Data provided:
· · · · ·
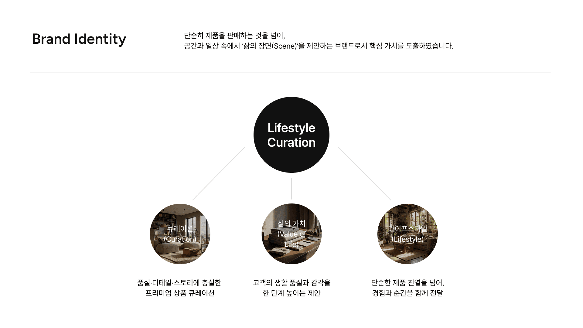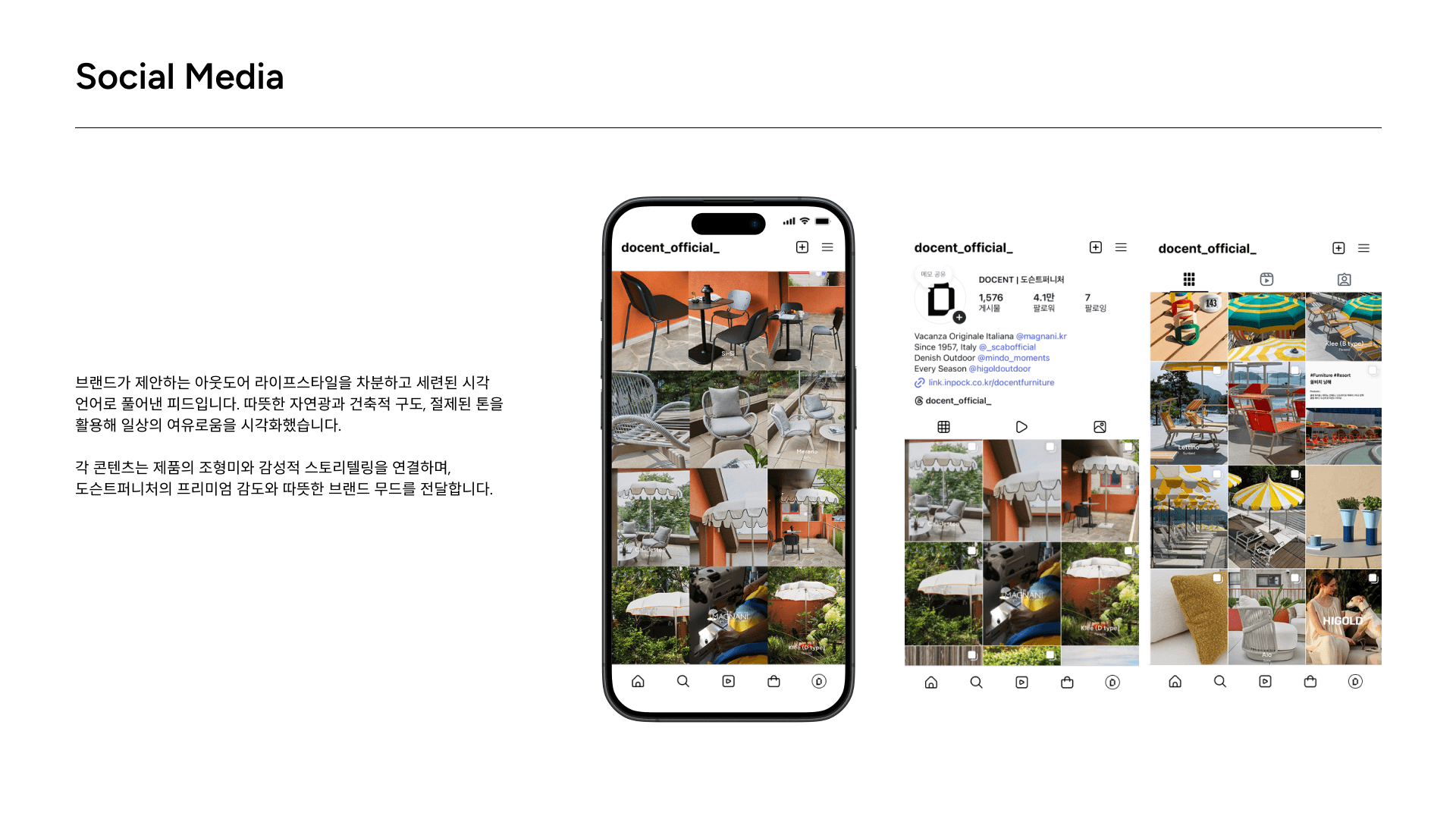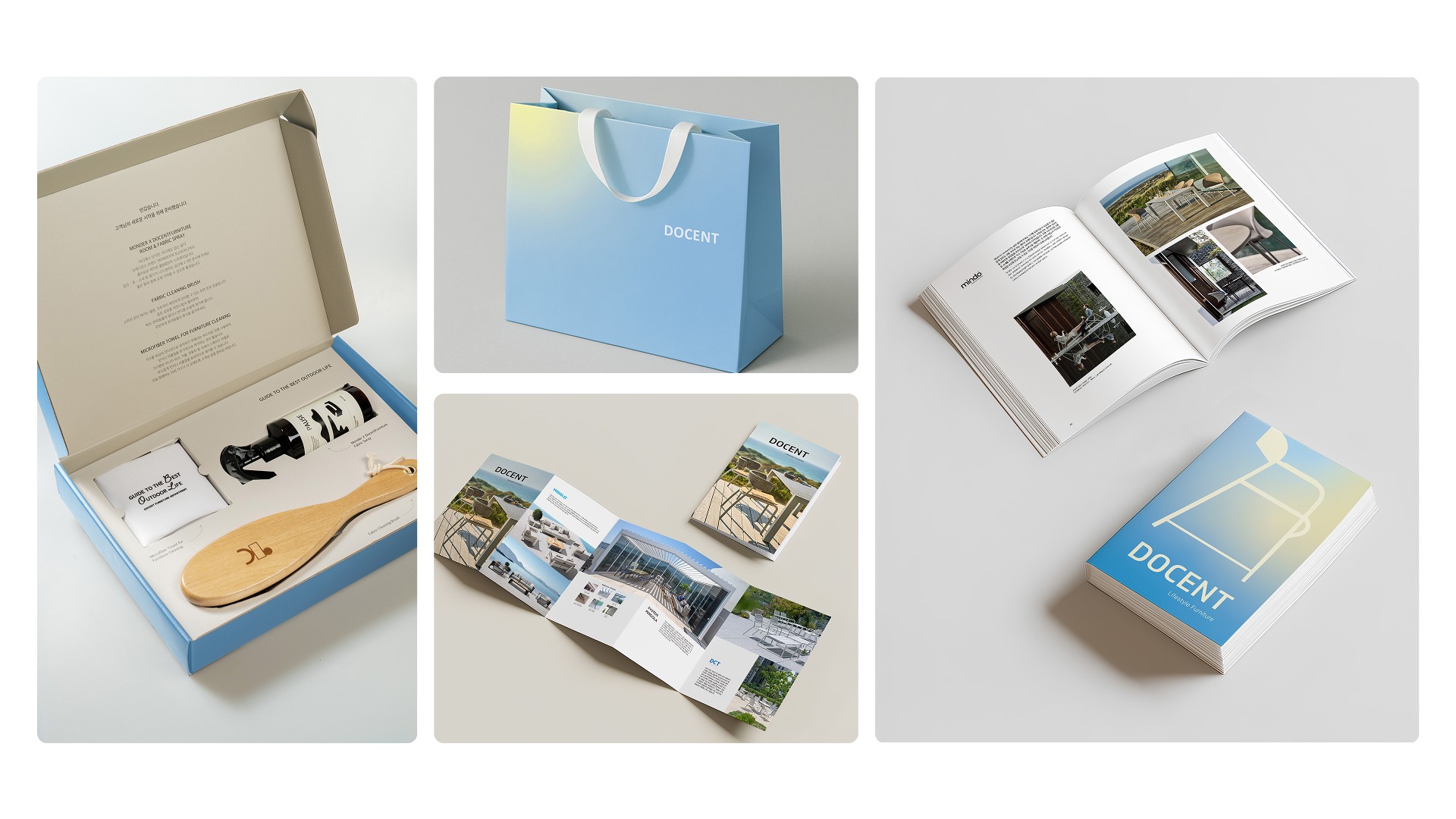 컬러와 타이포그래피는 자연에서 영감을 받은 부드럽고 세련된 톤으로 구축해 감성적이고 일관된 브랜드 경험을 제공합니다. 이 BX 시스템은 온·오프라인 전반의 다양한 브랜드 터치포인트에 적용되며, DOCENT FURNITURE가 지향하는 프리미엄 라이프스타일 큐레이션의 정체성을 견고하게 완성했습니다.
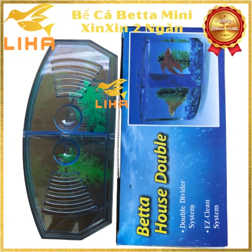 Bể Cá Betta Mini XinXin 2 Ngăn Size 20x8x15cm - 2 in 1 Hồ Nhựa Mica Nuôi Cá Để Bàn
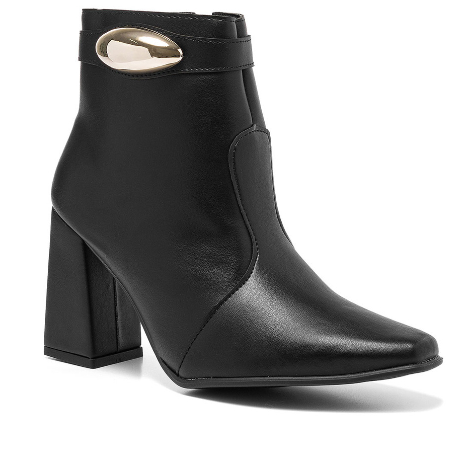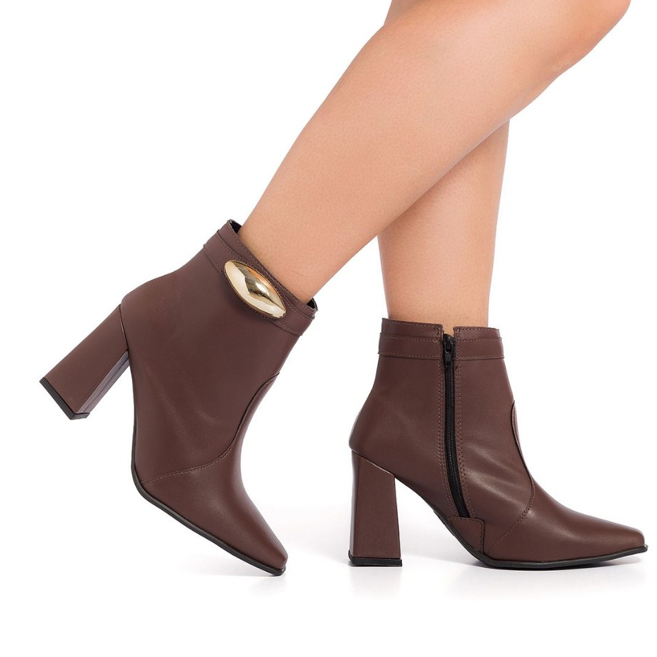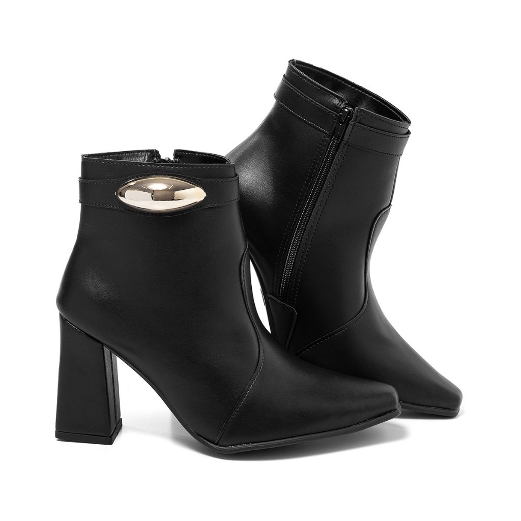Bota Feminino Cano Curto Lesma Metalizada Salto Bloco Casual Conforto Versátil Confortável Leve
· · · · ·
What the exercise asks: Your output should be the lines from the one with "Bể Cá Betta" through the end of the listing, copied exactly and with the pictures left out.

Answer to this exercise:
 Bể Cá Betta Mini XinXin 2 Ngăn Size 20x8x15cm - 2 in 1 Hồ Nhựa Mica Nuôi Cá Để Bàn
Bota Feminino Cano Curto Lesma Metalizada Salto Bloco Casual Conforto Versátil Confortável Leve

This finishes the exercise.